Extracted information —
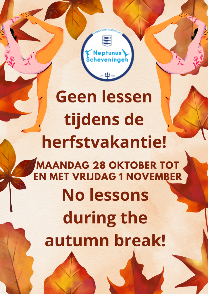 Er zijn geen turnlessen voor de recreatie in de week van maandag 28 oktober tot en met vrijdag 1 november, vanwege de herfstvakantie.
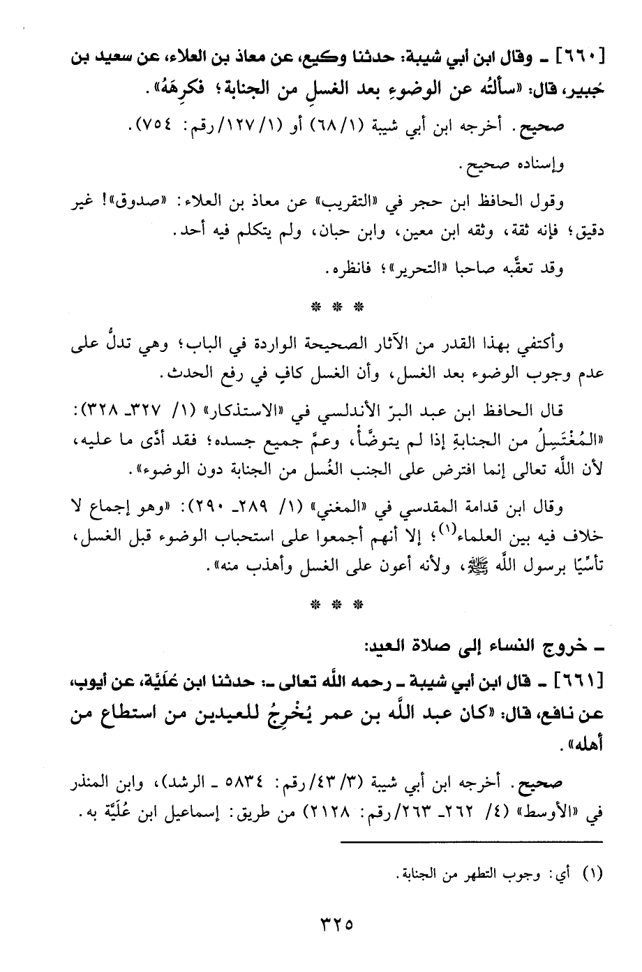 661 - قال ابن أبي شيبة -رَحِمَهُ اللهُ تَعَالَى-: حدثنا ابن عُلَيَّة، عن أيوب، عن نافع، قال: "كان عبد الله بن عمر يُخْرِجُ للعيدين من استطاع من أهله".
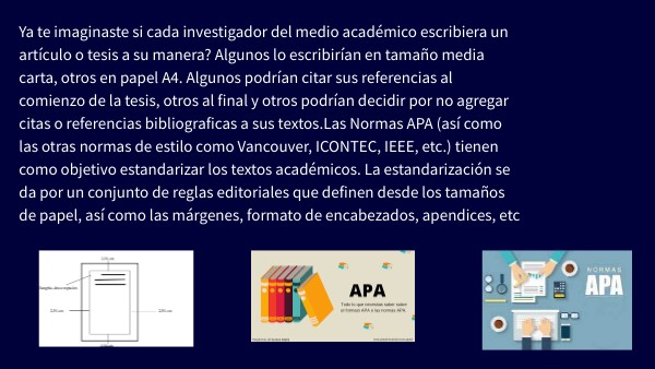 Ya te imaginaste si cada investigador del medio académico escribiera un artículo o tesis a su manera? Algunos lo escribirían en tamaño media carta, otros en papel A4. Algunos podrían citar sus referencias al comienzo de la tesis, otros al final y otros podrían decidir por no agregar citas o referencias bibliograficas a sus textos.Las Normas APA (así como las otras normas de estilo como Vancouver, ICONTEC, IEEE, etc.) tienen como objetivo estandarizar los textos académicos. La estandarización se da por un conjunto de reglas editoriales que definen desde los tamaños de papel, así como las márgenes, formato de encabezados, apendices, etc
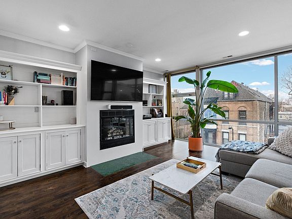 Welcome to this outstanding 2 bed/ 2 bath penthouse unit in the heart of Bucktown! As you step inside the home you are met with great floor to ceiling windows that allow the unit to be flood with natural lighting. This open kitchen / dining and living space is perfect for hosting guests or having family over. Hardwood flooring throughout including updated lighting fixtures make this home worth while. Your kitchen has upgraded stainless steel appliances and an abundance of cabinet and counter top space. Bathrooms are both updated and there is not much else to do at this property except move in. Both of the bedrooms allow access to a spacious deck with stunning views but not only this you have private roof rights ensuring this property does not lack exterior space. In unit washer/dryer and large walk in closets allow convenience into your world. A parking space is included in the price. Located just steps away from fabulous restaurants, stores, and amenities, and with easy access to the expressway and public transportation, this penthouse unit offers the ideal blend of luxury and comfort. Don't miss your chance to make this your new home!
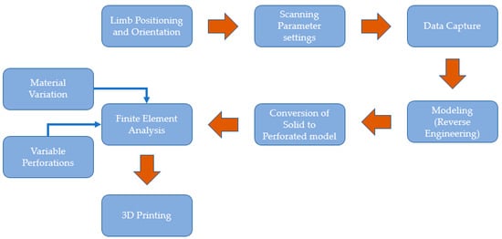 The methodology developed in this study (Figure 1) includes data collection, an RE design approach (or modeling technique), a numerical analysis process, and 3D printing. This study uses FE to assess several wrist splint designs based on perforation shapes, distributions, and materials. This section also includes technical directives to streamline the procedures associated with the established methodology. Various steps and techniques used during the development of the proposed approach for splint design and manufacturing using modeling tools are presented to address problems that arise at different phases.
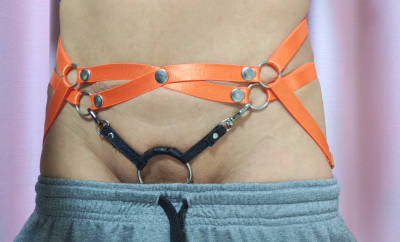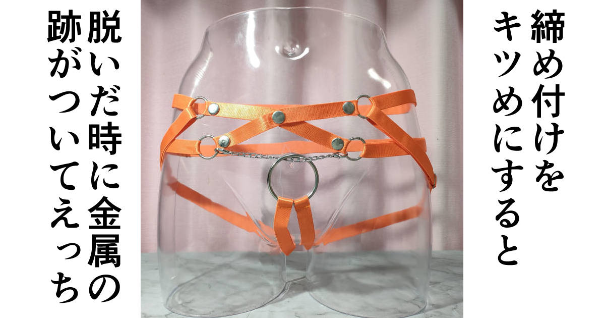 締め付けを調整できるので、少しきつめにしています。そうすると脱ぐと金属の跡がついてえっちです。
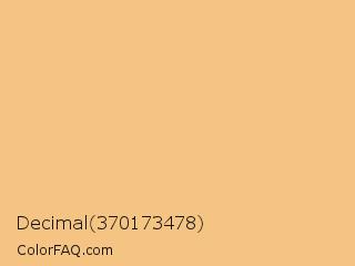 Decimal 370173478 Color is a light orange color and the nearest color is Topaz #ffc87c. Hex code #f5c482 and RGB value is rgb(245,196,130). In RGB color space, this color is composed of 96% red, 77% green, 51% blue, In CMYK color space, this color is composed of 0% cyan, 20% magenta, 47% yellow , 4% black , In HSL color space, this color has a hue angle of 34° , 85% saturation and 74% lightness.
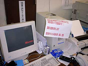 ボーイの雲津委員長に絡まれる冨田。 | 冨田のパソコン。散らかっています。 |
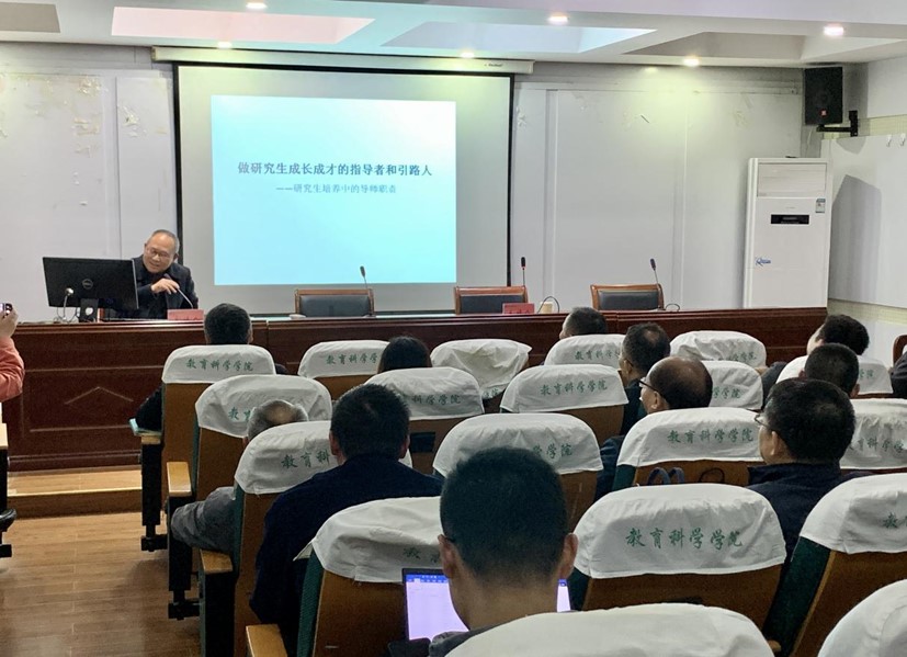李宜江在培训会中从学院管理角度出发,强调导师队伍素质是决定研究生培养质量的关键因素,导师队伍建设是推进研究生教育发展乃至学院发展的关键所在。他提出师德师风建设的三大支柱:一是正确理解师德,他强调师德是导师自身道德的养成,德高为师,身正为范,良好师生关系建立的关键在于学生对导师的信任;二是正确践行师德,他对甲骨文“教育”二字进行剖析,指出导师应关注研究生思想政治教育、学术训练规范、创新能力培养等方面,基于学生现有水平,刚柔并济,引导、指引并督促学生,努力实现全过程育人、全方位育人;三是?正确衡量师德。他结合个人实际工作经历,提出三条衡量标准,即“两主动一热情”,并表示学生一定程度上是导师学术生命、人格生命、社会生命、综合生命的延续。最后,他倡导全体研究生导师要牢记职责、立德树人、熟知规则、提升能力,引导学生达到理想的彼岸。
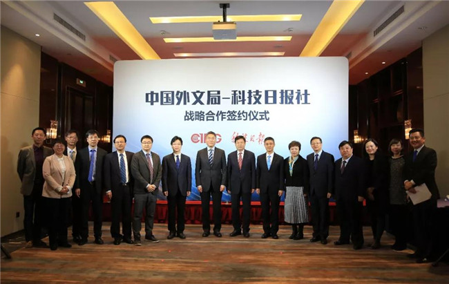 在活動現(xiàn)場,中國外文局副局長高岸明與科技日報社副社長房漢廷簽署了戰(zhàn)略合作協(xié)議,聯(lián)合工作機構(gòu)——國際科技傳播中心正式揭牌成立。
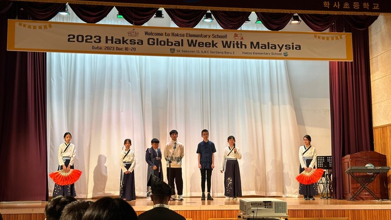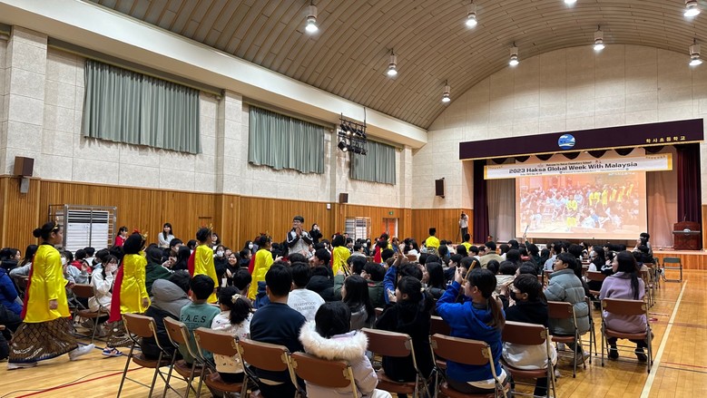 [부산 세계타임즈=이용우 기자] 부산 북구 학사초등학교(교장 박현효)는 지난 18~19일 말레이시아 SK 섹션13, SK SJKC 세르당바루2 학생 30명과 교사 10명이 방문해 학사초 전교생이 함께 ‘2023 Haksa Global Week With Malaysia’를 운영했다고 22일 밝혔다.
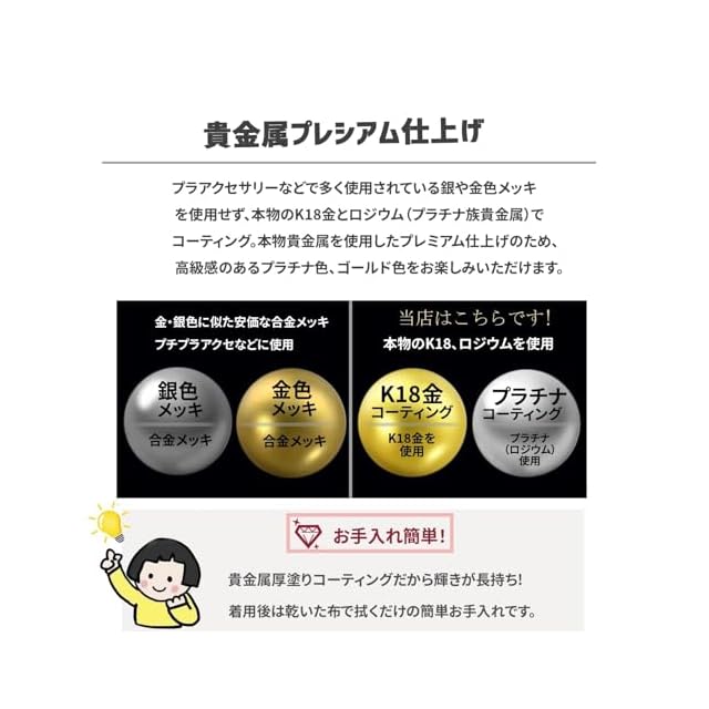 貴金属メッキ:貴金属メッキを施し、独特の光沢と質感を実現。銀本来の軽やかさを保ちつつ、貴金属の豪華さを加えています。このメッキ層により耐摩耗性と耐酸化性が向上し、耐久性が高く変色しにくい仕様となっております

Work to be completed —
Begin with the first line of the records and repeat every line up to the one with "Welcome to this", counting that line too. Pictures are not part of the copy.

Response —
 Er zijn geen turnlessen voor de recreatie in de week van maandag 28 oktober tot en met vrijdag 1 november, vanwege de herfstvakantie.
 661 - قال ابن أبي شيبة -رَحِمَهُ اللهُ تَعَالَى-: حدثنا ابن عُلَيَّة، عن أيوب، عن نافع، قال: "كان عبد الله بن عمر يُخْرِجُ للعيدين من استطاع من أهله".
 Ya te imaginaste si cada investigador del medio académico escribiera un artículo o tesis a su manera? Algunos lo escribirían en tamaño media carta, otros en papel A4. Algunos podrían citar sus referencias al comienzo de la tesis, otros al final y otros podrían decidir por no agregar citas o referencias bibliograficas a sus textos.Las Normas APA (así como las otras normas de estilo como Vancouver, ICONTEC, IEEE, etc.) tienen como objetivo estandarizar los textos académicos. La estandarización se da por un conjunto de reglas editoriales que definen desde los tamaños de papel, así como las márgenes, formato de encabezados, apendices, etc
 Welcome to this outstanding 2 bed/ 2 bath penthouse unit in the heart of Bucktown! As you step inside the home you are met with great floor to ceiling windows that allow the unit to be flood with natural lighting. This open kitchen / dining and living space is perfect for hosting guests or having family over. Hardwood flooring throughout including updated lighting fixtures make this home worth while. Your kitchen has upgraded stainless steel appliances and an abundance of cabinet and counter top space. Bathrooms are both updated and there is not much else to do at this property except move in. Both of the bedrooms allow access to a spacious deck with stunning views but not only this you have private roof rights ensuring this property does not lack exterior space. In unit washer/dryer and large walk in closets allow convenience into your world. A parking space is included in the price. Located just steps away from fabulous restaurants, stores, and amenities, and with easy access to the expressway and public transportation, this penthouse unit offers the ideal blend of luxury and comfort. Don't miss your chance to make this your new home!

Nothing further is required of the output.